• **DIRECTIONS**
Once you reach the line with "Кольцо надевается на" below, copy each line exactly, stopping after the line with "ИРЗ-ОКС по адресу", and skip any pictures.

++++ INPUT FOR THIS TASK

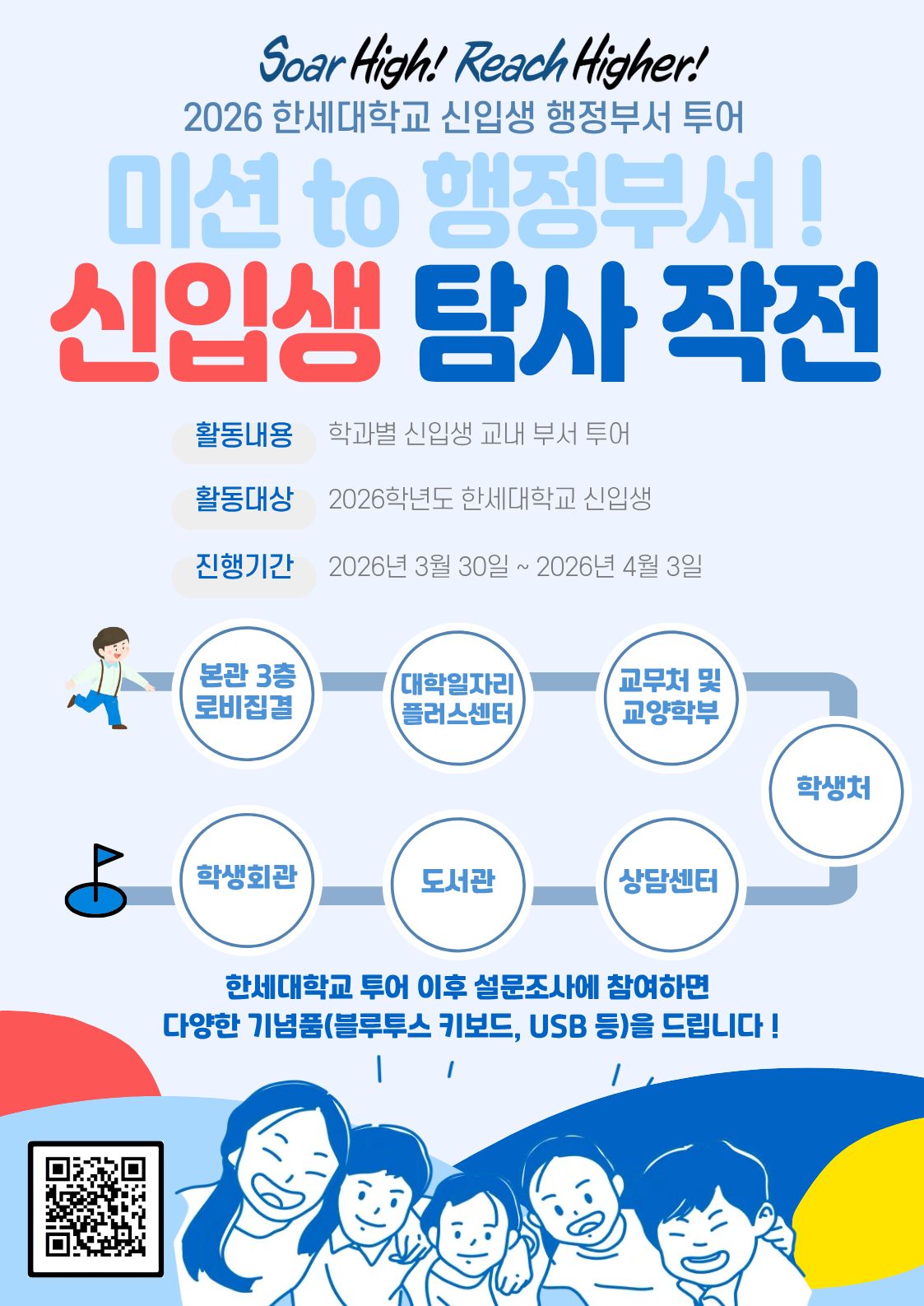 한세대학교(총장 백인자)는 입학관리본부 주관으로 2026년 캠퍼스 투어 미션 to 행정부서! 신입생 탐사 작전행사를 330()부터 3()까지 5일간 실시했다.
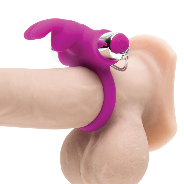 Кольцо надевается на основание эрегированного полового члена. Клиторальный стимулятор в виде милейшего зайки при каждой фрикции чувственно ласкает клитор. А, супер мощная вибрация приближает фантастические кульминации!
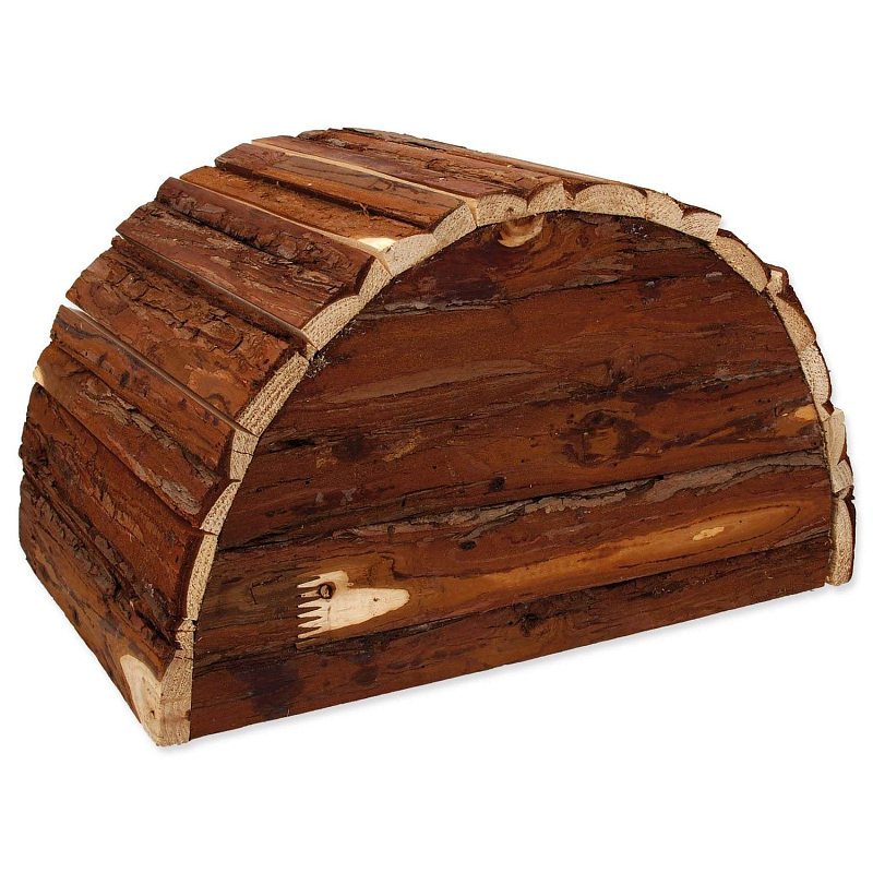 Dřevěný půlkruhový domek pro hlodavce. Velikost: 36,5 x 22 x 20 cm.
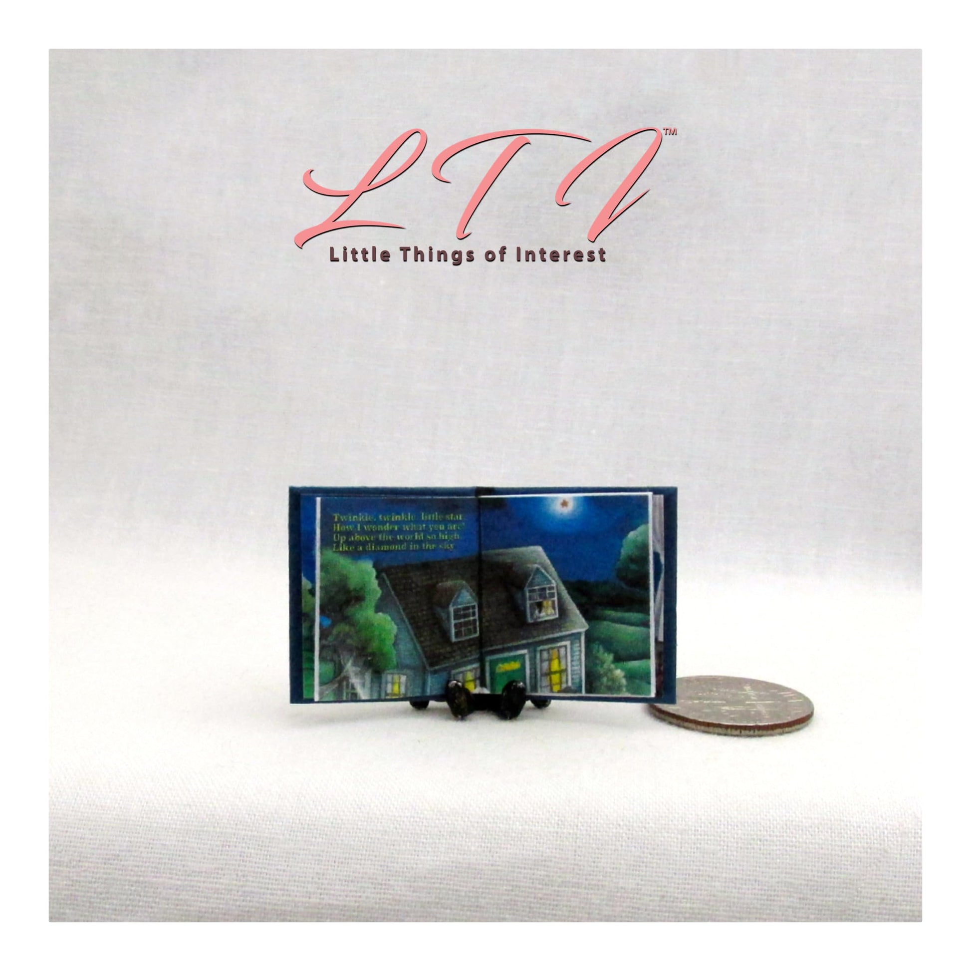 1:12 Scale Twinkle Twinkle Little Star opens and has 12 pages with beautiful full color illustrations. This miniature book measures approximately 7/8 of and inch high by 3/4 of an inch wide. Looks GREAT open or closed.
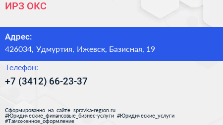 ИРЗ-ОКС по адресу 426034, Удмуртия, Ижевск, Базисная, 19 в дальнейшем Организация, размещена в следующих категориях:
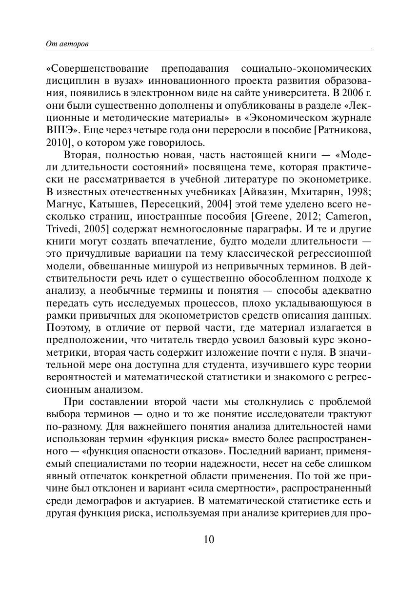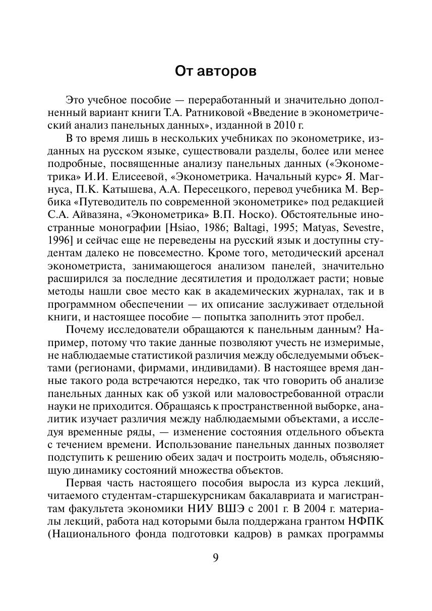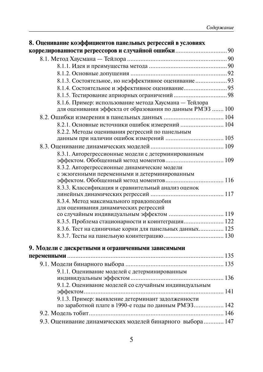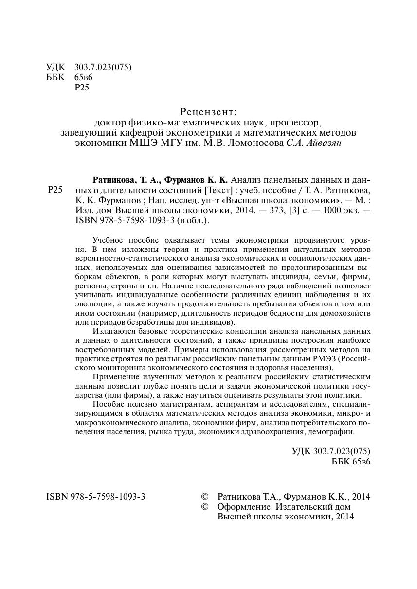 Учебное пособие охватывает темы эконометрики продвинутого уровня. В нем изложены теория и практика применения актуальных методов вероятностно-статистического анализа экономических и социологических данных, используемых для оценивания зависимостей по пролонгированным выборкам объектов, в роли которых могут выступать индивиды, семьи, фирмы, регионы, страны и т.п. Наличие последовательного ряда наблюдений позволяет учитывать индивидуальные особенности различных единиц наблюдения и их эволюции, а также изучать продолжительность пребывания объектов в том или ином состоянии (например, длительность периодов бедности для домохозяйств или периодов безработицы для индивидов). Излагаются базовые теоретические концепции анализа панельных данных и данных о длительности состояний, а также принципы построения наиболее востребованных моделей. Примеры использования рассмотренных методов на практике строятся по реальным российским панельным данным РМЭЗ (Российского мониторинга экономического состояния и здоровья населения). Применение изученных методов к реальным российским статистическим данным позволит глубже понять цели и задачи экономической политики государства (или фирмы), а также научиться оценивать результаты этой политики. Пособие полезно магистрантам, аспирантам и исследователям, специализирующимся в областях математических методов анализа экономики, микро- и макроэкономического анализа, экономики фирм, анализа потребительского поведения населения, рынка труда, экономики здравоохранения, демографии.

++++++++

• **RESPONSE TO THIS TASK**
 Кольцо надевается на основание эрегированного полового члена. Клиторальный стимулятор в виде милейшего зайки при каждой фрикции чувственно ласкает клитор. А, супер мощная вибрация приближает фантастические кульминации!
 Dřevěný půlkruhový domek pro hlodavce. Velikost: 36,5 x 22 x 20 cm.
 1:12 Scale Twinkle Twinkle Little Star opens and has 12 pages with beautiful full color illustrations. This miniature book measures approximately 7/8 of and inch high by 3/4 of an inch wide. Looks GREAT open or closed.
 ИРЗ-ОКС по адресу 426034, Удмуртия, Ижевск, Базисная, 19 в дальнейшем Организация, размещена в следующих категориях:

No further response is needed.